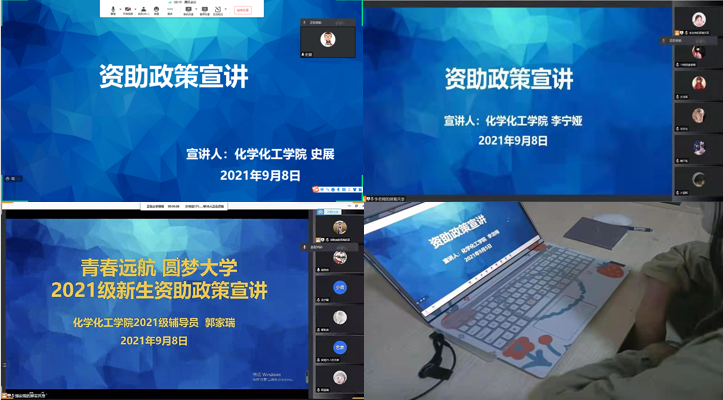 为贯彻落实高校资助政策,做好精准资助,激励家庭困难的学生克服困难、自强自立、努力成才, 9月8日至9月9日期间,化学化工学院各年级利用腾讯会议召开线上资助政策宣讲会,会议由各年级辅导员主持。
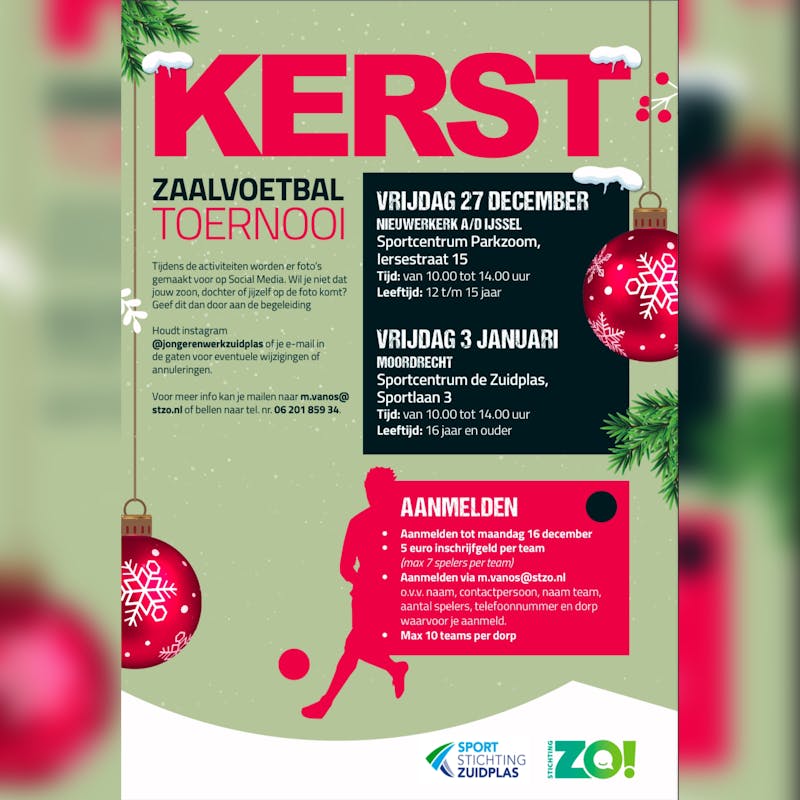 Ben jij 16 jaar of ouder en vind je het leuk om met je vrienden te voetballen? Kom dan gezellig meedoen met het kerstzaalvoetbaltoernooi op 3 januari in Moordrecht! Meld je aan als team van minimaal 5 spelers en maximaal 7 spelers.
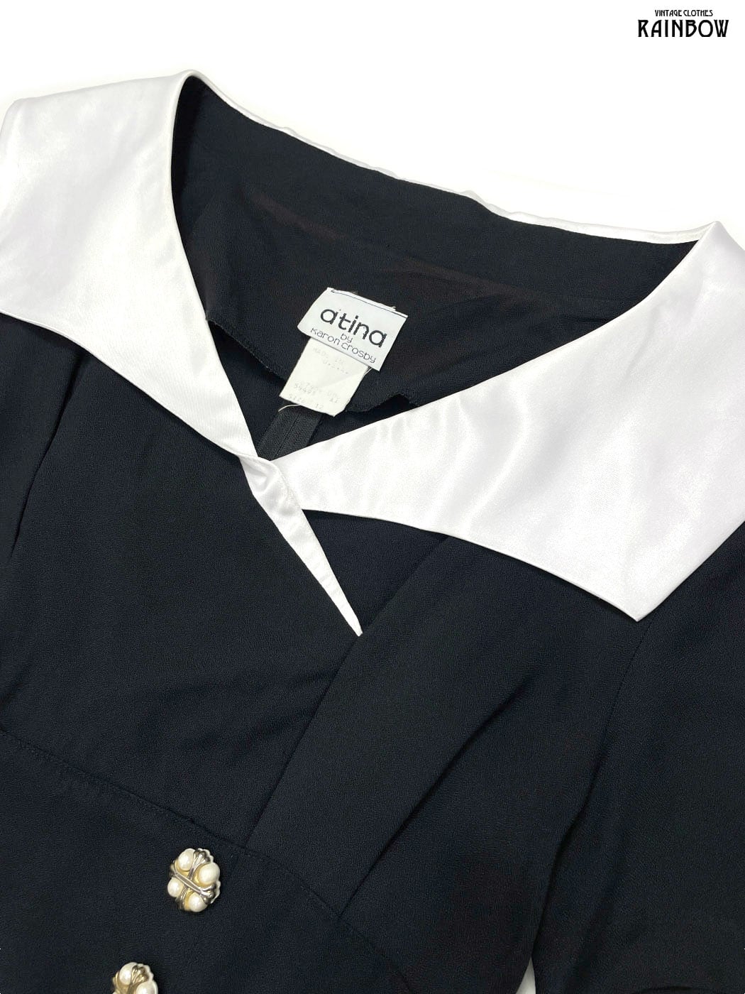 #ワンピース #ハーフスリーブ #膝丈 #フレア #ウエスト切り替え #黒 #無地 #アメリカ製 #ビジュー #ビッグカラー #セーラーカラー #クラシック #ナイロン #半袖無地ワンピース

» **Goal of the exercise**:
Repeat the data word for word. Images are not part of the copy.

» **Final answer**:
 为贯彻落实高校资助政策,做好精准资助,激励家庭困难的学生克服困难、自强自立、努力成才, 9月8日至9月9日期间,化学化工学院各年级利用腾讯会议召开线上资助政策宣讲会,会议由各年级辅导员主持。
 Ben jij 16 jaar of ouder en vind je het leuk om met je vrienden te voetballen? Kom dan gezellig meedoen met het kerstzaalvoetbaltoernooi op 3 januari in Moordrecht! Meld je aan als team van minimaal 5 spelers en maximaal 7 spelers.
 #ワンピース #ハーフスリーブ #膝丈 #フレア #ウエスト切り替え #黒 #無地 #アメリカ製 #ビジュー #ビッグカラー #セーラーカラー #クラシック #ナイロン #半袖無地ワンピース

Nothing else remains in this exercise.